How can anyone say this is a fair trial. Llyod’s message, at least as far as I interpret it, to his sister meant “look, sis, if something happens to me you’ll know who did it.” Judge Garsh doesn’t think that is something the jury should know. Do you agree?
To show how absurd Hernandez’s lawyers are here’s what is reported: “Defense lawyer James Sultan objected, arguing that telling jurors the texts were sent without detailing the content “frankly invites the jury to speculate what was in those texts.” While the actual content was “innocuous,” Sultan said, jurors may think Lloyd texted words to the effect of “help. I’m being kidnapped.” Do you believe Sultan would objecting if the content is as he says innocuous?
If the judge were wise she would have agreed with Lawyer Sultan. She would have said. “I don’t want the jury speculating so I’ll let the text into evidence.” I’m sure Sultan would have quickly changed his mind on how innocuous the texts were.
Unfortunately the unsteadiness in her rulings has left somewhat of a mess.
Maybe I am missing something here, but why can’t Mr. Lloyd’s texts (and replies) themselves simply be presented into evidence? Is it possible that they did not leave an electronic trail? I would think that the transcript of any communication by a murder victim shortly prior to their demise would be admissible. The recent revelations in the IRS scandal show that virtually any electronic communication made in this day and age is likely recoverable, Every actual conversations perhaps not, but voice and test message it would appear very likely.
Hank:
There is a clear electronic trail. You are correct in thinking that they should be admissible but the judge decided that she did not think they should come in. I’ve suggested she is wrong in her decision since this evidence is quite critical. I’m at a loss to understand how the jury can make a right decision having had kept from them the victim’s statement within minutes of his death.

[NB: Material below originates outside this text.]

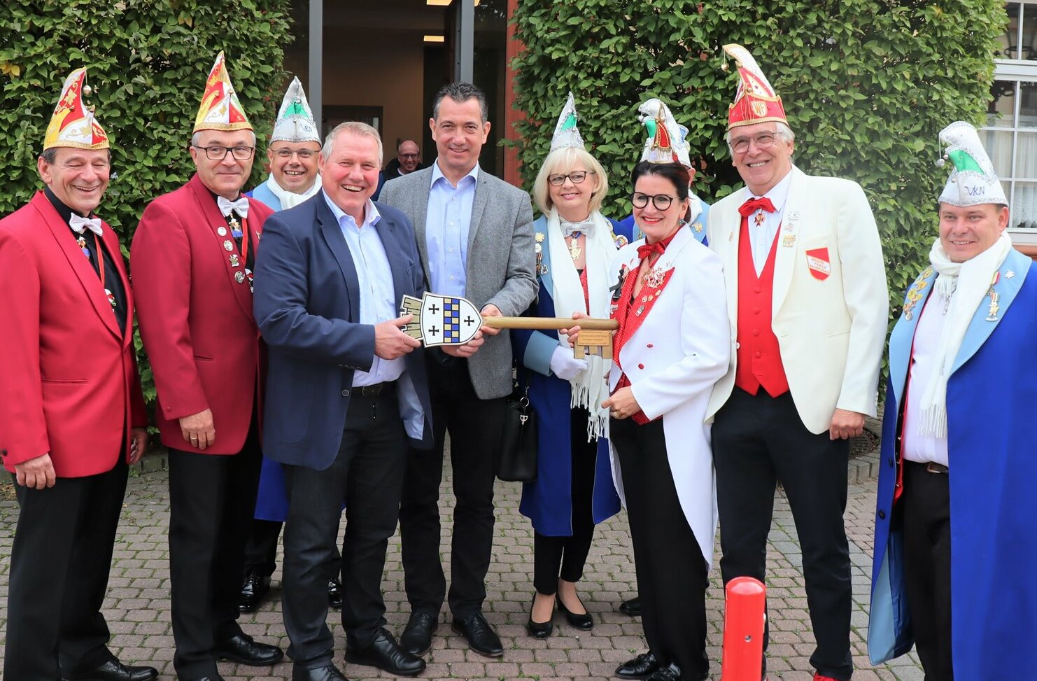 Der Schlüssel zum Rathaus ist wieder in Händen des Stadtvorstands.Der Verein Kreiznacher Narrefahrt hatte die geplante Rückgabe nach der ausgefallenen Kampagne absagen müssen. Um wieder selbst regieren zu können, hat Oberbürgermeister Emanuel Letz jetzt den Schlüssel mit der Stadtkasse angemahnt. Er freute sich zusammen mit Bürgermeister Thomas Blechschmidt, dass die „gewohnte Ordnung“ wiederhergestellt ist. Die Schlüsselrückgabe wurde gestaltet von den Jubilaren der Kampagne 2021/22, der Großen Karneval Gesellschaft Kreuznach und der Weißen Fräck, sowie einer Abordnung der Kreiznacher Narrefahrt unter ihrem 1. Vorsitzenden Manfred Schulze. Zur Vorfreude und Einstimmung auf die neue Fastnachtssaison überreichte die GKGK dem Oberbürgermeister und dem Bürgermeister den Orden der vergangenen Kampagne.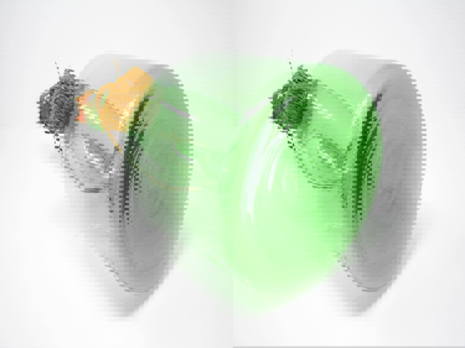 Vintage Italian Green Blown Glass Wine Decanter with Straw Stoppers

In what protective Community was this Judge Garsh a product of ? Today she instructed the jury that someone who has guns under their mattresses , in their stocking draws, in their pants, spent shells found in their rented vans are to deemed not to have any Criminal Propensites. Welcome to the real world! God help us all!
Jim:
Absolutely right. In her mind if you see a guy walking in a bank with a ski mask on brandishing an AK47 you cannot assume he is going to rob the bank; he might be making a deposit. First of all she shouldn’t be instructing the jury anything about it. It’s up to the jurors to decide what it means that he is carrying all these guns. They shouldn’t be told they can’t infer what you, I and anyone with the slightest bit of life experiences knows. At Whitey’s trial when they dropped a table full of guns in front of the jury if the judge instructed like that she’d have been laughed out of the courtroom. It is up to the lawyer’s to argue the significance of the guns. I’ve written before that the judge is over her head and bending backwards to help Hernandez. It seems she continues to do so because she really has a little grasp of evidence and a jury’s role.
The harvard professor kid toucher is taking flak at Harvard. See the link below.
http://hlrecord.org/?p=19867
I agree with your analysis, but I think this is better than nothing. The judge no doubt consulted with one or more of her colleagues before changing course. But doing a 180 was just too much for her, evidently.